Tularemia is perhaps the rarest of the often-named co-infections. Tularemia is most often contracted from deer flies, rabbits and dogs but is also found to have come (rarely) from the American Dog Tick, Rocky Mountain Wood Tick, and Lone Star Tick.
Depending on the site of infection, tularemia has six characteristic clinical symptoms: ulceroglandular (the most common type representing 75% of all forms),glandular, oropharyngeal, pneumonic, oculoglandular, and typhoidal.
The incubation period for tularemia is one to 14 days.
Most human infections become apparent after three to five days
There is very specific blood test for to look for Francisella tularensis. A blood sample is sent to a lab, where it is examined for Francisella antibodies using a method called serology. This method checks to see if your body has produced substances called antibodies to a specific foreign substance (antigen), in this case Francisella tularensis.
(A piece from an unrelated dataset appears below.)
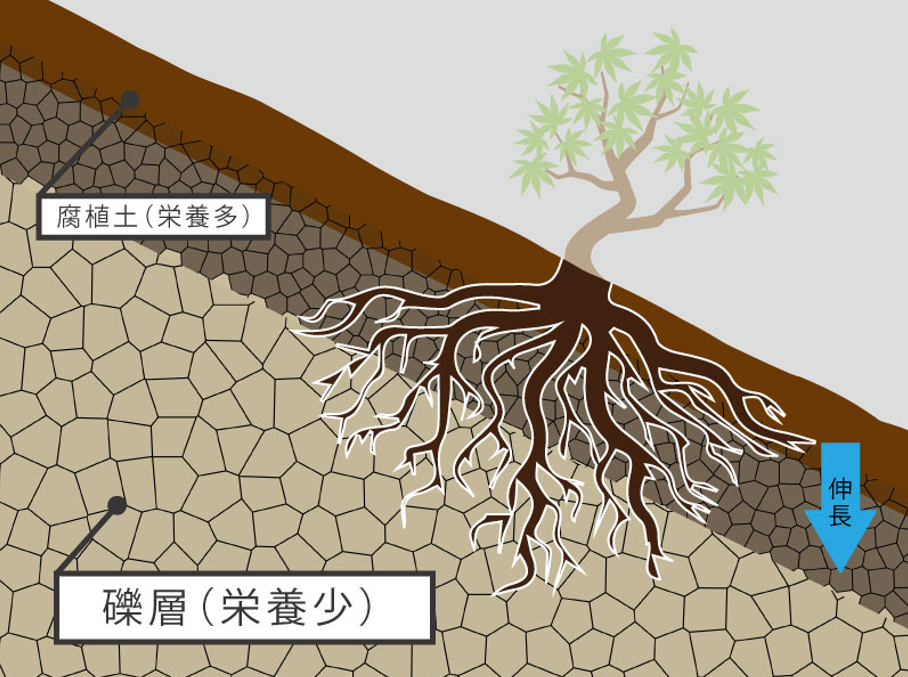 礫が多いということは水や養分の保持力が低下している可能性があるといえる。礫が多すぎると土壌の保水性・保肥力が低下してしまう。とはいえ透水性と通気性を保つためにある程度の礫は必要なので、礫の量を3割程度にして腐植土を増やすと効果的である。特に中層と下層ににその傾向が見られまた。下層に礫が多い場合は空気を求めて根が伸長するため現状のままの方が良いと考えられる。また、土壌全体の色が比較的白く、腐植が少ないことが分かった。
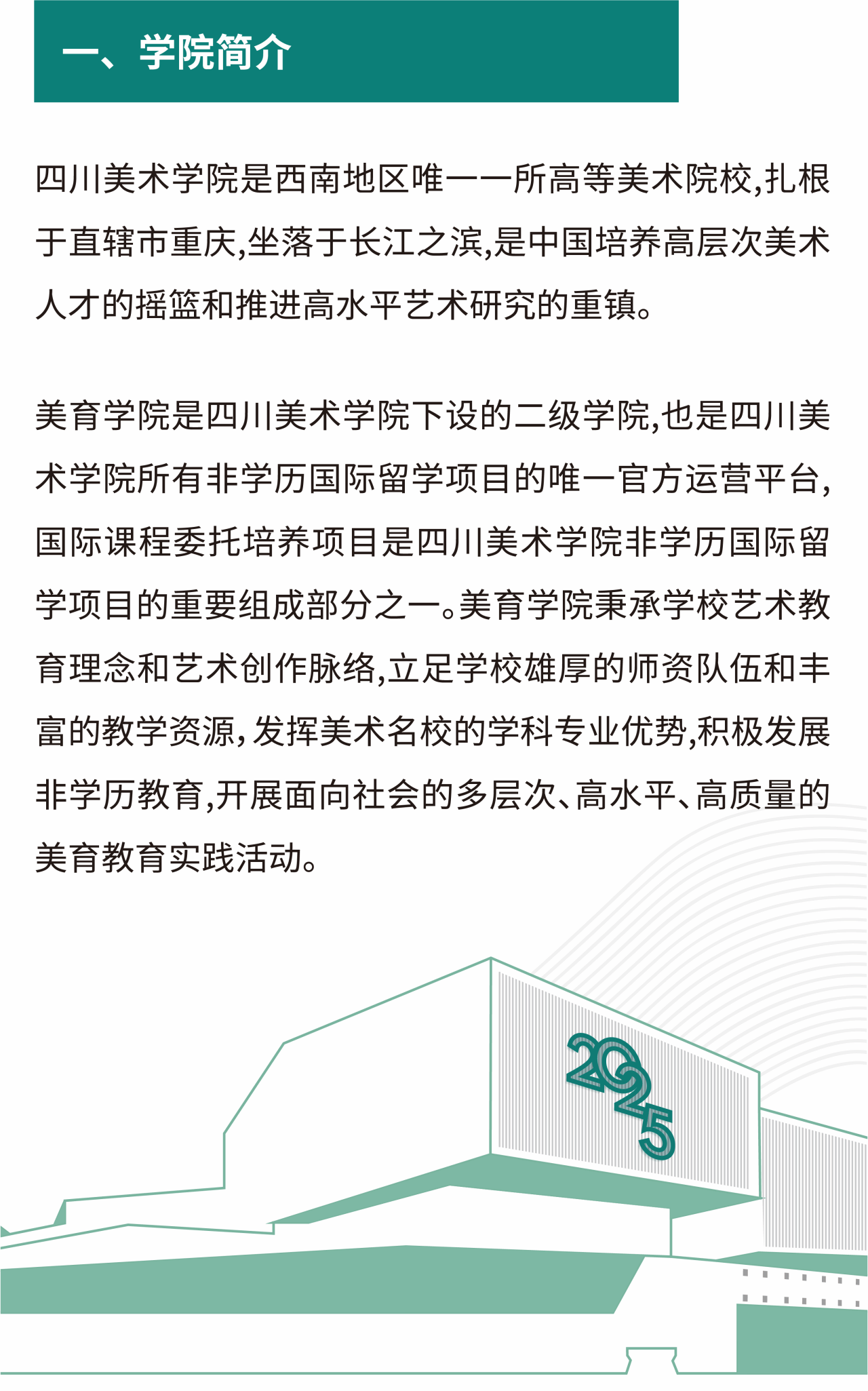 下一篇:四川美术学院 2025年国际硕士课程(1+2)委托培养项目(意大利)招生简章

Antibodies defend your body against bacteria, viruses, and fungi. If antibodies are present, they are in the serum of your blood. Serum is the liquid portion of blood. Depending on the lab, the titre number will determine whether it is a past infection or active infection. Just as with Lyme bacteria, the presence of antibodies does not mean an active infection. If a person has ever been exposed, that person will have antibodies present in their blood serum.
Banding in a blot test such as Igenex is meaningless, as there is no specific band related to Francisella tularensis
Titre (concentration of antibodies) for acute disease should be a four-fold increase of lowest discernible levels. In most labs that would be 1:160. Convalescent titres of 10-14 days may be necessary to confirm disease.